His hand was still on Grace’s arm. “Grace. My love.”

She didn’t take her eyes off the road, trying to hold the wheel steady, but she nodded. She was listening.

“We need to make it as fast as we can to Tampa, Florida. Don’t stop unless you have to. I have a plane waiting for us there.”

“No! Are you crazy? You’re wounded, Drake. You’re losing blood. I’m sure the stitches in your shoulder have been torn and your back is ripped open. And you’re concussed, probably badly. I’m taking you to Ben, right now. Which hospital does he work in?”

He was fading, his voice so weak it could barely be heard over the noise of the engine. He had to make Grace understand how important it was to get out of New York as fast as she could. To linger was to invite death.

“Promise me.” His hoarse voice cracked as his fingers tightened on her arm. She chanced a glance at him, wide-eyed at the tone of his voice, then looked back at the street. “Promise me you won’t stop as long as you can stay awake. We must”—he coughed, something in his chest exploding with pain—“we must get out of New York and make it down to Tampa. Promise me you won’t stop unless you must.”

The darkness was almost complete. He could barely see, barely think.

His fingers tightened even more, the last dregs of his fading strength. “Promise me.”

“I promise,” she sobbed, risking another quick glance at him. He saw from her face that he looked bad.

“Won’t…die,” he promised, hoping he could keep it.

He fought the weakness, with everything in him, but it won.

The world turned black.

Pizdets! Shit!

Rutskoi looked at the message he’d just paid another fucking hundred thousand dollars for.

Drake and woman gone. Blood on floor, walls. Living room full of bullet holes, room completely burned.

It had been almost impossible to see anything in the thermal imager because of the fire that witch started. Against all the odds, Drake and his bitch were still alive.

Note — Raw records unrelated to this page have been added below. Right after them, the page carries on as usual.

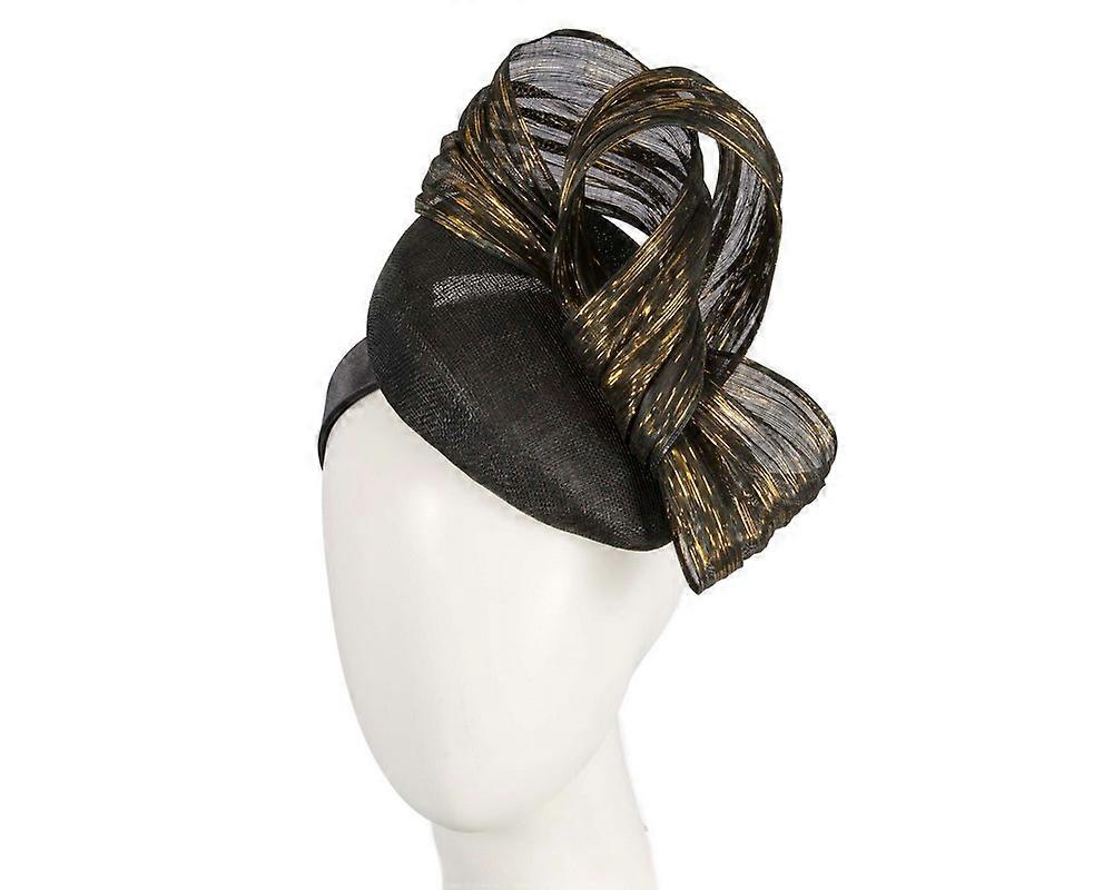 Black pillbox fascinator with gold silk abaca bow by Fillies Collection S307BG
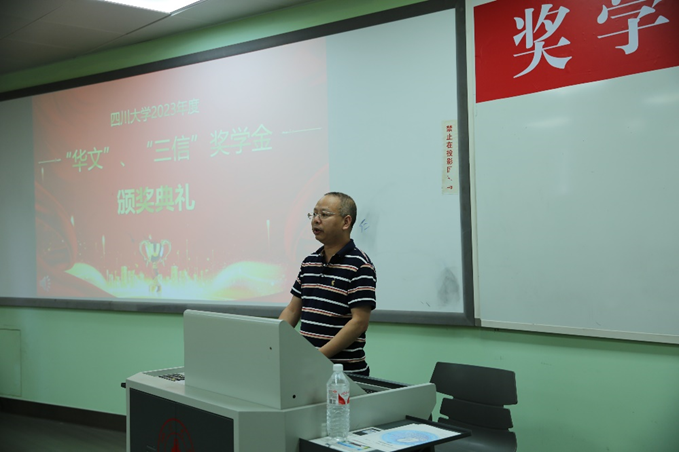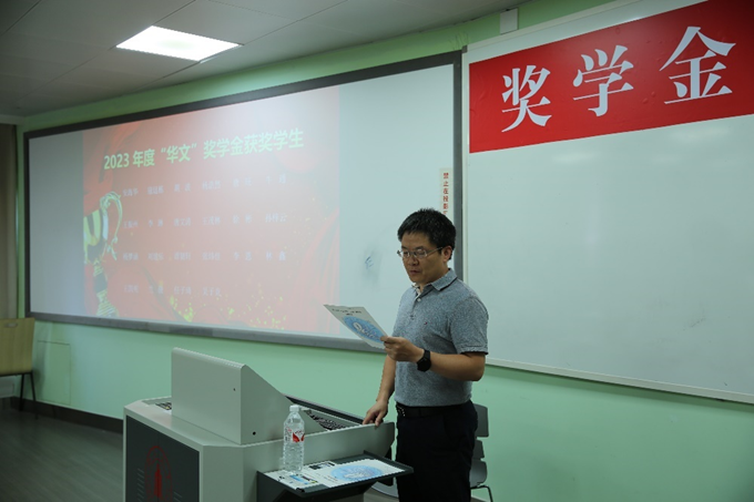 首先全体师生起立合唱中华人民共和国国歌。随后廖勇明副书记介绍了到场嘉宾及领导、卿粼波副院长宣读2023年度“华文”奖学金获奖名单。然后获奖学生代表寇廷栋同学发表获奖感言。寇廷栋同学表示非常荣幸能够获奖,感谢18XXX
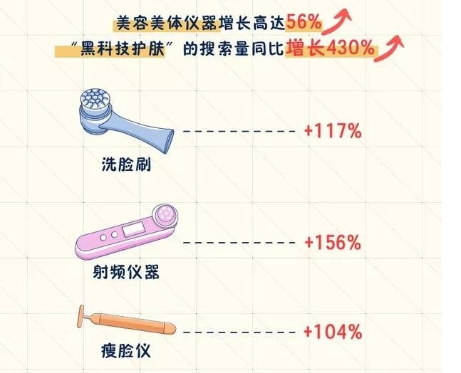 白皮書顯示,今年美容體儀器的增長高達56%,其中洗臉刷增長117%,射頻儀器增長156%,瘦臉儀增長104%,這些產(chǎn)品都自帶科技屬性。
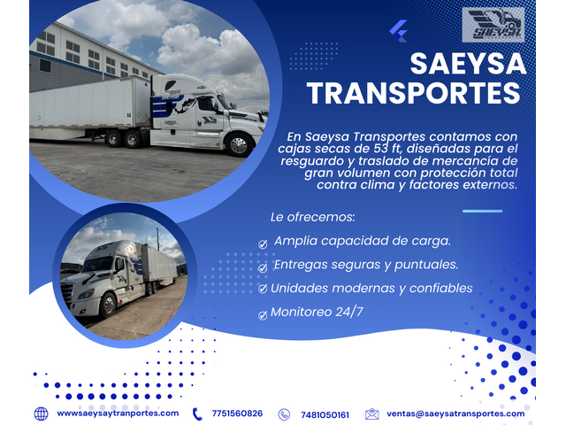 “Soluciones de transporte confiables para su empresa.” En Saeysa Transportes ofrecemos un servicio integral de transporte terrestre con: *Cajas secas de 53 ft para mercancía general y de gran volumen. *Plataformas de 48 ft Prácticas y seguras para mo...
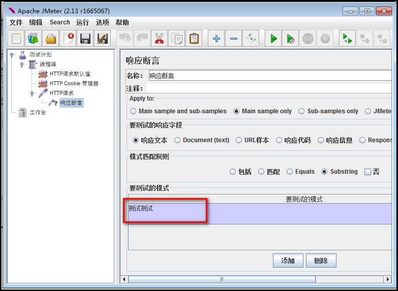 8.设置检查点:在被测接口对应的“HTTP 请求”上,添加“响应断言”:
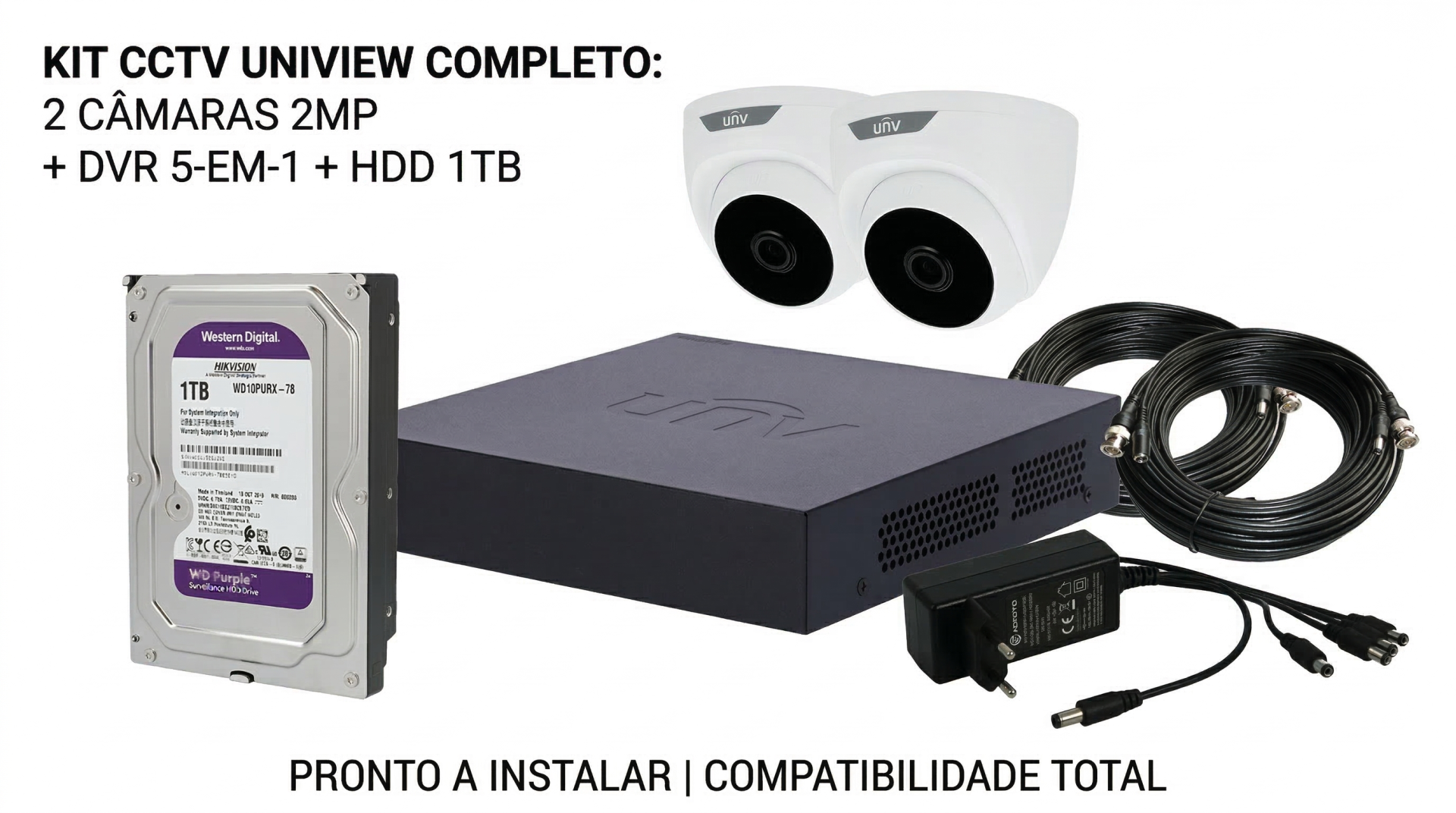 Kit CCTV Uniview 2 Câmaras 2MP Full HD Coaxial | lojaCCTVPro
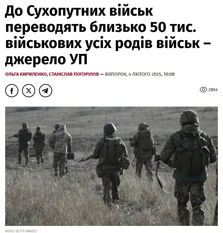 Как пишут украинские СМИ, еще 11 января, в следствие катастрофической нехватки ЛС Сухопутных войск ВСУ (вследствие потерь на фронте, дезертирства, которых не способны восполнить даже упыри из ТЦК), главнокомандующим Сырским принято решение о принудительном переводе «в пехоту» 50 000 солдат из состава других частей (включая ВВС, ПВО и т. д.).
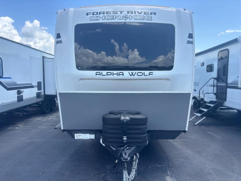 With any Cherokee Alpha Wolf travel trailer by Forest River you'll enjoy outstanding amenities, quality construction, and an affordable price. Each model features a "ToughBend" rigid skirt metal design, 5/8" tongue and groove plywood floor decking, and a "SuperTruss" roof structure that will hold up through years of camping memories. There is a pet friendly "clean sweep" floor design with no heat vents indoors, along with a super lumen lighting system, a 15,000 BTU quick cool central air conditioning, and many more comforts. There are many convenient exterior features such as, Leash Latch pet safety technology, an outside shower with hot and cold water, On The Go rear ladder prep, and exterior steps with oversized landing and quick release. The Weather Guard Package will add protection against the elements with an armored underbelly tank enclosure and forced air heat, thermo-control reflective safety glass windows, and upgraded laminated walls with block foam insulation!
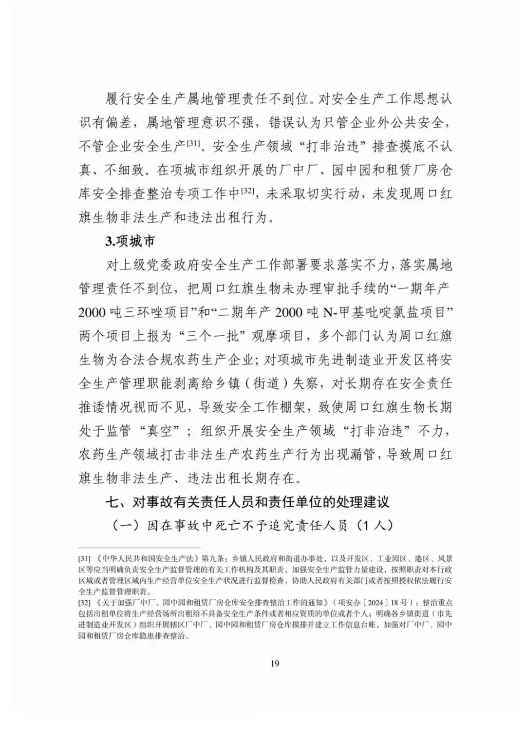 纪检监察部门依规依纪依法对事故中存在失职失责问题的项城市委、市政府等5家单位及项城市农业农村局、项城市工业和信息化局、项城市应急管理局、周口市生态环境局项城分局等部门31名党员及公职人员进行了严肃问责。
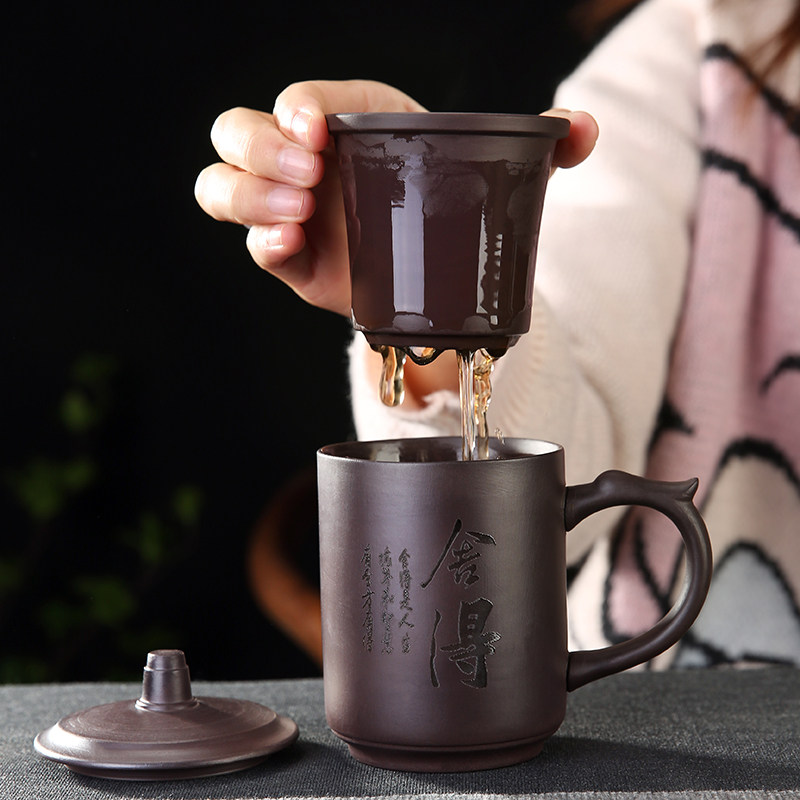 Фиолетовая песчаная крышка с фильтрацией внутренней линейки Марк Кубка Офисная чашка водяной чашки пара кофейная чашка чайная чашка личная чашка
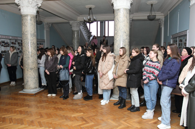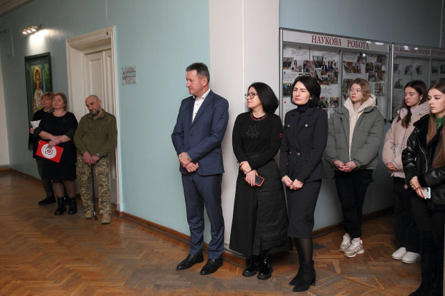 На початку заходу слово взяв ректор Анатолій Цьось. Він зауважив, що Університет активно співпрацює із Збройними силами України, а також подякував студентам й авторові виставки. «Ви небайдужі, патріотичні й допомагаєте ЗСУ. Перемога залежить не від когось одного, а від кожного і тієї роботи, яку ми робимо», – резюмував Анатолій Цьось.
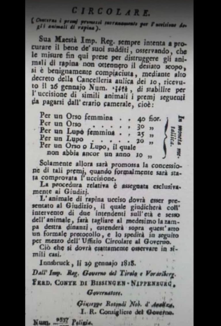 • Impero Austro-Ungarico: Premi in Fiorini per l’uccisione di orsi e lupi
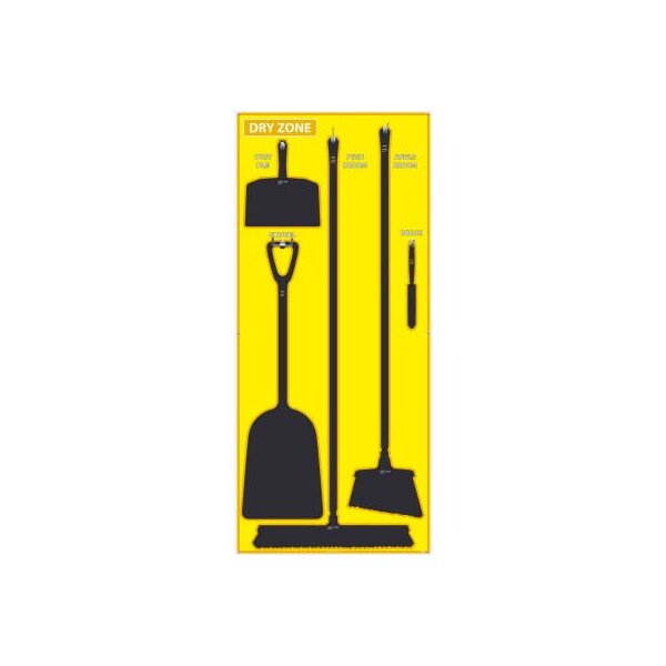 National marker dry zone shadow board, yellow/black,68 x 30, aluminum - sb140al many manufacturing and food processing facilities are implementing 5s shadow boards to help reduce cost and down time by keeping cleaning supplies (and other tools), in a central location, neatly stored, and always accessible. features: great for industrial, manufacturing applications. includes shadow board and hardware for mounting tools designed for vikan brand tools (sold separately): 12' angle broom, 24' push broom with 59' handle, dust pan, bench brush, single piece shovel with 14' blade. durable, industrial grade aluminum. protected by sign muscle liquid laminate temperature range of -40 to 250
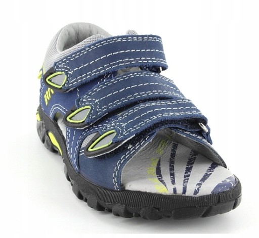Dbając o zdrowy i prawidłowy rozwój stóp dziecka sandały wykonano z najwyższej jakości materiałów obuwniczych. Wierzch letnich bucików to naturalna skóra nubukowa. Cholewka wykończona jest miękkim piankowym kołnierzem chroniącym kostki przed obtarciami.
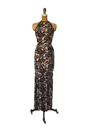 Vintage Maxi Dress In Nude Stretch and Devore Black Velvet Foral
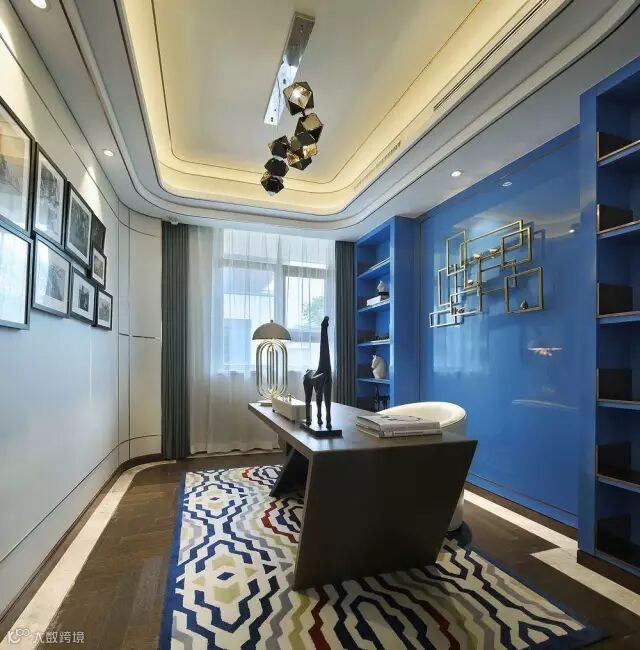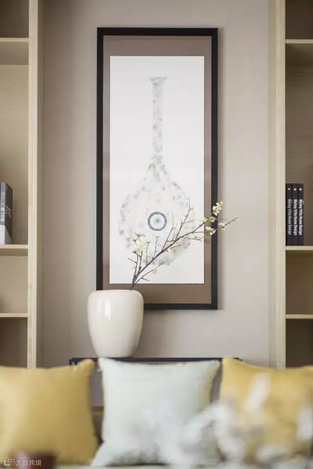 淡雅的背景中跳跃着明丽的色彩,优雅中透着几许活力。黑与白的泼墨晕染了整个空间的文化。
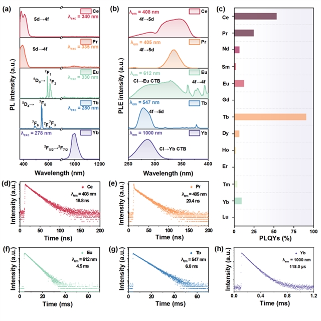 图3. Cs3CeCl6、Cs3PrCl6、Cs3EuCl6、Cs3TbCl6和Cs3YbCl6微晶的(a)发射光谱和(b)激发光谱。(c) Cs3LnCl6微晶的PLQY。(d)Cs3CeCl6、(e)Cs3PrCl6、(f)Cs3EuCl6、(g)Cs3TbCl6和(h)Cs3YbCl6的荧光衰减曲线。

Cocksucker had made it out, but at least Rutskoi had wounded him. Or the woman. Or both, he thought viciously. Let it be both. Let them be bleeding their fucking hearts out on the street.

When he understood that Drake and the woman had probably made it out of the room, Rutskoi had sprinted to the rooftop and had taken out the helicopter on the opposite roof with ten incendiary rounds, watching with satisfaction as the helicopter exploded and fell in burning pieces through the snow to the street thirty stories below. Just to vent his frustration, Rutskoi had shot the pilot who had come out of a small, warm shed on the rooftop. It had given him immense pleasure to take Drake’s pilot down.